= Wang Qingsong =

Chinese photographer

Wang Qingsong (born 1966) is a Chinese photographer.

== Early life and education ==
He was born in Daqing, China in 1966, and grew up in Hubei. He studied at the Sichuan Academy of Art. He moved to Beijing in 1993. On his background, he said, "I think there are many regional distinctions that I have incorporated into my art. For example, being born in Heilongjiang Province, I remember a lot of Soviet tanks going around when I was three. At that time, China had a confrontation with the Soviet Union. When we moved to Hubei Province, many people were assigned there to work on an oil field that used to be a swamp. In Sichuan, I was in one of the most populous cities in the world and the most important memories were of all the itinerant peasant workers from Chongqing. Then, in 1993, the huge urbanization strive in Beijing also impacted my art. All of these experiences have given me a lot of inspiration."

== Career ==
He began his career as an oil painter, then moved on to photography.

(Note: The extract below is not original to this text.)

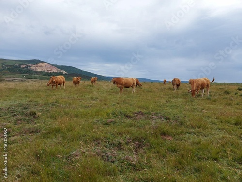 Rebaño de vacas en la montaña de Lugo, Galicia

He considers himself both a journalist and an artist, saying, "I think it is very meaningless if an artist only creates art for art's sake. For me, the dramatic changes in China have transformed China into a huge playground or construction site. Whenever I go into the city I feel suffocated by the pollution, social contradictions, and so forth. All of these factors contribute to the fact that artists cannot just make art for art's sake. I think it would be absurd for an artist to ignore what's going on in society."
His art focuses on political topics such as the government of China.

== Notable works ==

=== Skyscraper ===
In 2009, the Hammer Museum exhibited his piece Skyscraper:In Skyscraper, Qingsong employed 30 scaffolding workers from the countryside near Beijing during a month long production, to build a 35meter high ‘skyscraper’ out of gold-painted iron scaffolding. Using stop-action 35mm film he captures the entire process, but without showing the workers. China has been growing at breakneck speed but what is not always noticed, like Wang’s process behind his photos, is the immediate effect and sacrifices of millions of displaced and anonymous people. The end of the film shows fireworks exploding from the top of the skyscraper in a jubilant but dark celebration as we listen to three women sing a Chinese version of “Silent Night, Holy Night.”

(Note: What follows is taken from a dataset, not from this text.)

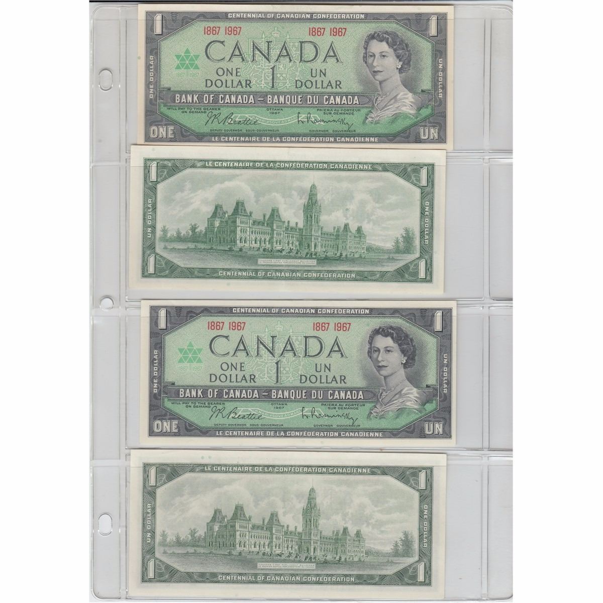 Estate lot of 4x Canada 1867-19687 Centennial $1 Banknotes

=== The Bloodstained Shirt ===
He works mostly in China, but in 2018, he created the piece The Bloodstained Shirt while visiting Michigan. The University of Michigan Museum of Art, where the piece was shown, wrote of it, In The Bloodstained Shirt (2018), Chinese artist Wang Qingsong restages in Highland Park, Michigan, an iconic 1959 drawing by Wang Shikuo of peasants rising up against a cruel landlord and triumphantly reclaiming their right to the land. Wang’s projects are usually located in China, but while visiting southeast Michigan he was struck by the similarities between the effects of inequitable real estate development on local communities in Detroit, Highland Park, and his native Beijing. His large-scale photograph, set in an abandoned factory building in Highland Park and featuring more than seventy volunteers, collapses two moments in history to present a vivid reminder of the human consequences of the ruthless pursuit of profit and the power of collective action. The exhibition includes works created in collaboration with area residents that give voice to their concerns and their hopes for transformation and renewal.

=== On the Field of Hope ===
He created his piece On the Field of Hope during the 2020 COVID-19 pandemic. In the summer of 2020, it was on display at the Tang Contemporary Art gallery in Beijing. The gallery wrote that his work "showcases the tension between changing societal realities and human desires, and imaginatively presents the ongoing drama that hovers between fields of the past and hopes for the future."